Reading Rebecca Dobkins’ storied research about Native
American women and girls interactions in early twentieth century federally
mandated boarding schools has me thinking of all things about the open house at
a local public Montessori school that I could apply (through a lottery system)
to be my son’s kindergarten school for next year. These two schooling situations in most ways
couldn’t be more dissimilar. The
boarding schools described by Dobkins worked actively and without remorse to assimilate
Native American children away from their home cultures, languages and lives. The forces used were long distance separation
from family, difficulty in returning home for any reason and use of legal
language and even force to maintain the authority to separate families. Our local Montessori school is the most
progressive public opportunity available in my county, I, especially as a
white, middle class, academic have a great deal of power/knowledge available to
negotiate my and my child’s position in the school and his entrance to the
school at all. I don’t have any power
over whether he gets in, but I can choose some other kind of schooling option
altogether. I don’t have to send him at
all.
It would seem that the differences
between me and the Native American mothers who I have been reading in Dobkins’
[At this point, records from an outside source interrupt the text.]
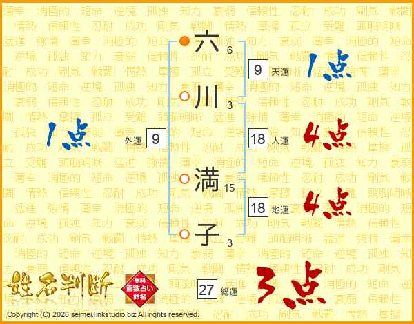 あなたの人生を表す1番重要な運勢です。生涯を通じて影響する総合運となり、主に50歳以降の晩年期に影響を及ぼします。苗字と名前の合計画数。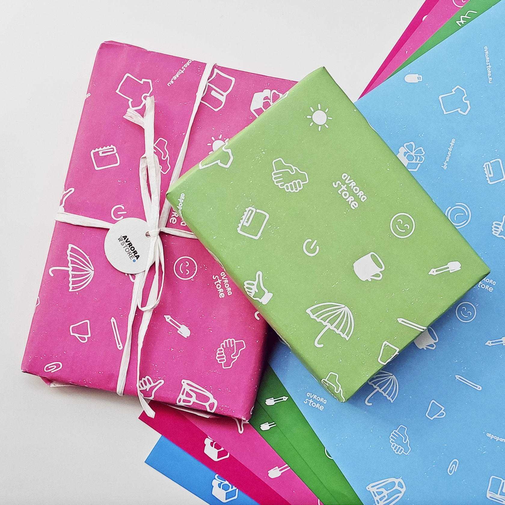 Упаковочная бумага — это всегда эффектно и практично! Бумага выполняет сразу несколько функций: придает подарку особые эмоции при распаковке + сохраняет то, что лежит внутри от царапин и каких-то небольших повреждений. Мы предлагаем вам отличную возможность обратить на себя внимание с помощью полноцветной запечатки упаковочной бумаги — это могут быть ваши фирменные цвета, паттерн либо бумага может быть дизайнерской с различными текстурами и эффектами. Оформите заказ через корзину указав необходимый тираж, а так же свои пожелания и наш специалист произведет расчет и свяжется с вами.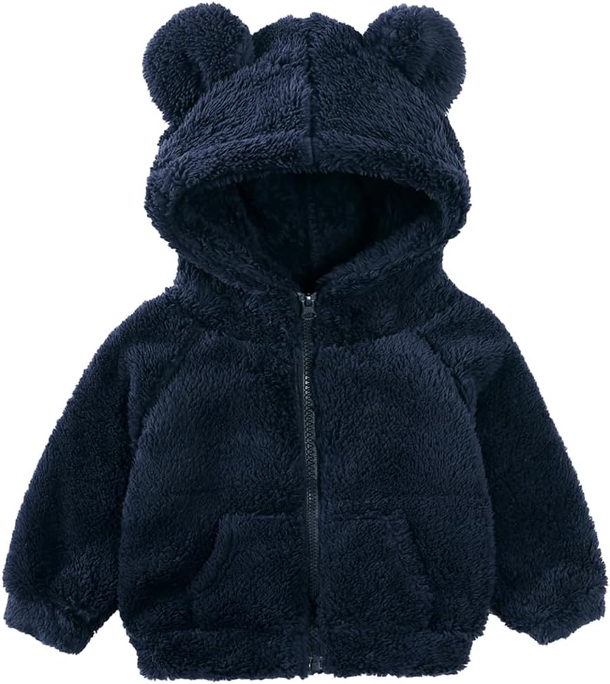 Newborn Infant Baby Boys Girls Cartoon Fleece Hooded Jacket Coat with Ears Warm Todder Kids Outwear Coat Zipper Up 0-6Y

essay are gulfs, but I’m interested in thinking also about the
interconnectedness we share. I was also
reading today Dias Soto and Blue Swadners’ The
Politics of Early Childhood Education.
The first chapter unravels the ways that schooling (again), particularly
college education of some early childhood teachers and mothers worked to
professionalize and make scientific some mothers and some teachers. These professional mothers and teachers, I
can count as both of these, are still under the reign of patriarch through
discourses of white, male generated child development theories or the more
modern neoliberal models of education and child rearing based on new business (still
white and male) dispositions approaches to foster problem solving and
flexibility, for instance. Progressive
schools that take up, for instance, 21st
Century Learner frameworks, seem to work to the success of individual students,
who can be self starters and business-ready but the benefits are not to all
students, but to a few who are already benefiting from the corporate model of
exchange in late capitalism. I am left
feeling cornered. I can option to send
my child to our neighborhood school, where worksheets abound, possibly to the
Montessori alternative (although unlikely since I declined to enter him in the
lottery at age 4, where most slots are taken) or I can homeschool him in a local
community of thoughtful people, but with political consequences of separatism. If I’m not interested in testing, structured
curriculum, focus on “the basics,” then I am not at all compelled to be part of
this public system, and though politically a powerful choice, it is a very
difficult family one to make.
The public schools push me (and family) out in some ways as zealously
as they pulled in the children of the Native American children Dobkins writes
of. This power to separate groups of
people, like women, mothers, who could be united is a major component in the
colonialist efforts of schooling Dobkins illustrates. So while I am faced with resisting guised
power that works through me as a professional and as a mother. My resistance seems separate and different
and scaleless compared to the need for resistance of Native American mothers,
who are marginalized and erased from history even. But as Diaz Soto and Blue Swadner point out my
schooling, my professionalization, has been another tool to create a hierarchy of
differences, separating me from the other women in the world and in history
with whom my resistance could be aligned.
References
Diaz Soto, L. & Blue Swadner, B.
(2006). The politics of early childhood
education. NY: Peter Lang.
Dobkins, R. (1999). Strong language, strong actions:
Native American women writing against federal authority, In M.Bucholtz, A.C. Liang, & L. Sutton (Eds.) Reinventing identities:
The gendered self in discourse. New York: Oxford University Press.